Normal CPU & GPU Temperatures: Idle, Gaming & When to Worry
Normal temperature ranges
Chips report temperature in Celsius, so this guide does too - flip any value with the Celsius to Fahrenheit converter. Exact limits vary by model, but the bands below hold for recent desktop CPUs and GPUs.
| State | CPU | GPU | Verdict |
|---|---|---|---|
| Idle (desktop, browsing) | 30–50°C | 30–45°C | Normal |
| Light work / video | 50–65°C | 45–60°C | Normal |
| Gaming / heavy load | 65–85°C | 60–80°C | Normal under load |
| Sustained high load | 85–95°C | 80–87°C | Warm - check airflow |
| Throttling territory | 95–100°C+ | 88–95°C+ | Chip slows itself to survive |
When to actually worry
Modern silicon protects itself: at its limit (often called TJMax, typically 95–105°C for CPUs) it throttles - drops its own speed - and shuts down before damage occurs. So a scary number is a performance problem long before it is a safety one.
Red flags worth fixing
- Idle above 60°C - something is wrong: dust, dead fan, or dried thermal paste.
- Instant 95°C+ spikes on light load - usually a cooler mounting problem.
- Stutter that clears when a game is paused - classic thermal throttling.
- Sudden shutdowns under load - thermal protection firing; stop and investigate.
Five fixes, cheapest first
- Dust out the case and heatsinks - compressed air, every few months. The single highest-value fix.
- Check that every fan spins, and that case airflow goes front-to-back, in-to-out.
- Re-paste the cooler if the machine is 3+ years old - thermal paste dries and cracks.
- Give the case room to breathe - a PC in a sealed cabinet cooks itself. Room temperature matters too: every degree of a hot room adds roughly a degree to the chip (see our ideal room temperature guide).
- Undervolt or cap frame rates - free, dramatic drops on many systems.

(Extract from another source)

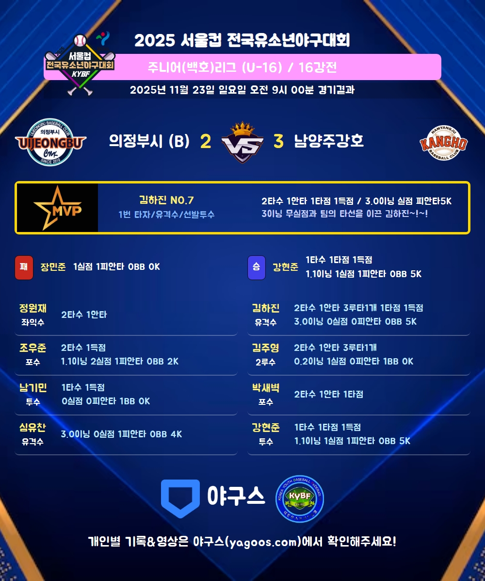 | 3 | 강현준(1111) | 승 | 1.1 | 8 | 7 | 1 | - | 1 | 5 | 43 | 1 | 1 | 6.75 |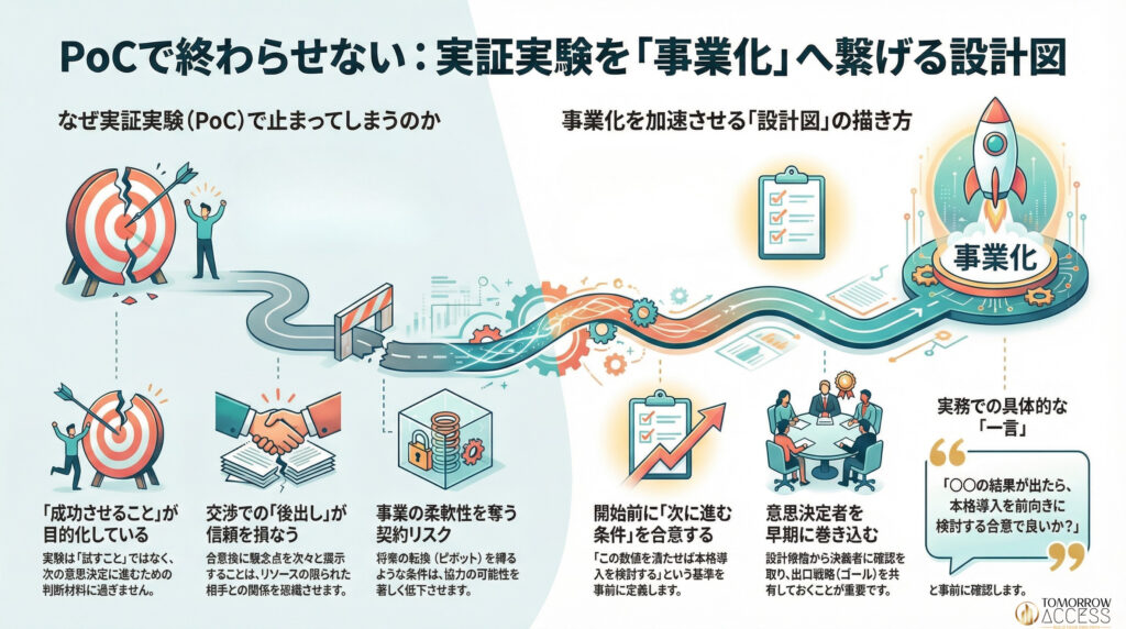 【結論】実験を始める前に「次に進む条件」を決め、交渉での「後出し」を避ける。実証実験は「成功させること」が目的ではない。

Laptops play by hotter rules
Thin laptops cannot fit desktop-class coolers, so their chips are designed to sprint hot: brief spikes to 95-100°C during compiles or game loading are engineered behavior, not emergencies. Sustained gaming in the low 90s is common in gaming laptops.
- Hard surfaces only: a duvet blocks the intake vents and adds 10-15°C instantly.

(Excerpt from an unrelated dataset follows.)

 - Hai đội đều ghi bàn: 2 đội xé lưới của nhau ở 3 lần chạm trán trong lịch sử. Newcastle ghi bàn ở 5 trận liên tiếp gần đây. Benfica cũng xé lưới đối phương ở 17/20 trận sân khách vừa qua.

- Elevate the rear an inch for measurably better airflow; a cooling pad helps thin chassis most.
- Dust the vents twice a year - laptop fans clog faster than desktop cases.

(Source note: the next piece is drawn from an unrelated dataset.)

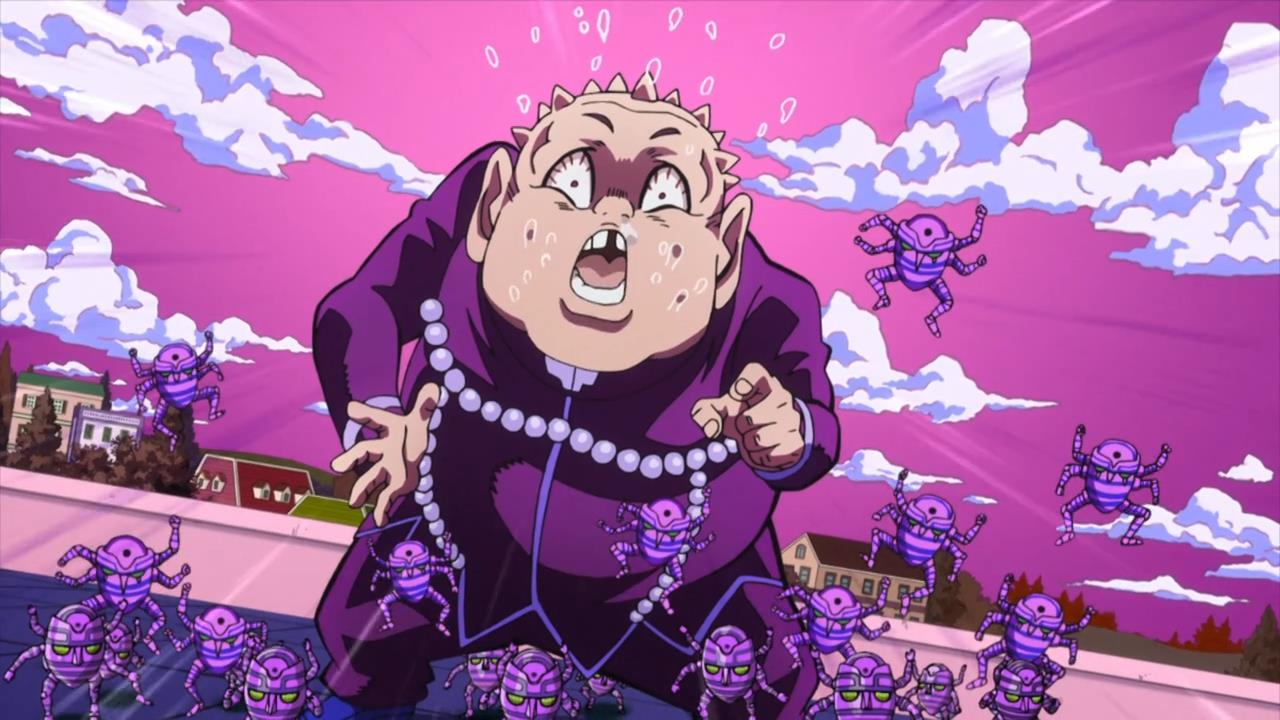 As is generally the theme with JoJo and its pretty-much-directly-on-the-nose episode titles, with this pair of episodes we meet Shigechi, a portly middle-school student with a Stand of his own. Harvest Harvest is similar to Worse Bad Company in that it’s made up of dozens of small units, but it has a secondary purpose of laying slightly more groundwork for the rules of how Stands work. In Stardust Crusaders, it was established that the more powerful a Stand is, the shorter its range, and (barring Red Hot Chili Pepper’s ability to manipulate power lines) that rule has stayed mostly consistent. For example, Echoes ACT 2 – with its greater abilities – has a shorter active range than ACT 1. Harvest, while not terribly “strong”, has a much bigger range than basically any Stand we’ve seen so far; the rationale here is that while acting at a long range, it can only follow the most basic of commands. We’ll see a bit more of this type of Stand pretty soon, and it shows up again in Part 5.

- Worry signals: fans at full blast while idle, or performance that collapses after ten minutes of load.
How to actually check your temperatures
- Windows: Task Manager → Performance shows GPU temperature; free tools like HWiNFO or Core Temp expose every sensor, including per-core CPU readings.
- macOS: Apple silicon Macs manage themselves tightly; tools like Stats or Hot read the sensors if you are curious.
- In games: the overlays built into GeForce Experience / Adrenalin show live GPU temperature and clocks.
Log a session before and after any cooling fix - a dust-out that drops load temperatures 10°C is normal and deeply satisfying.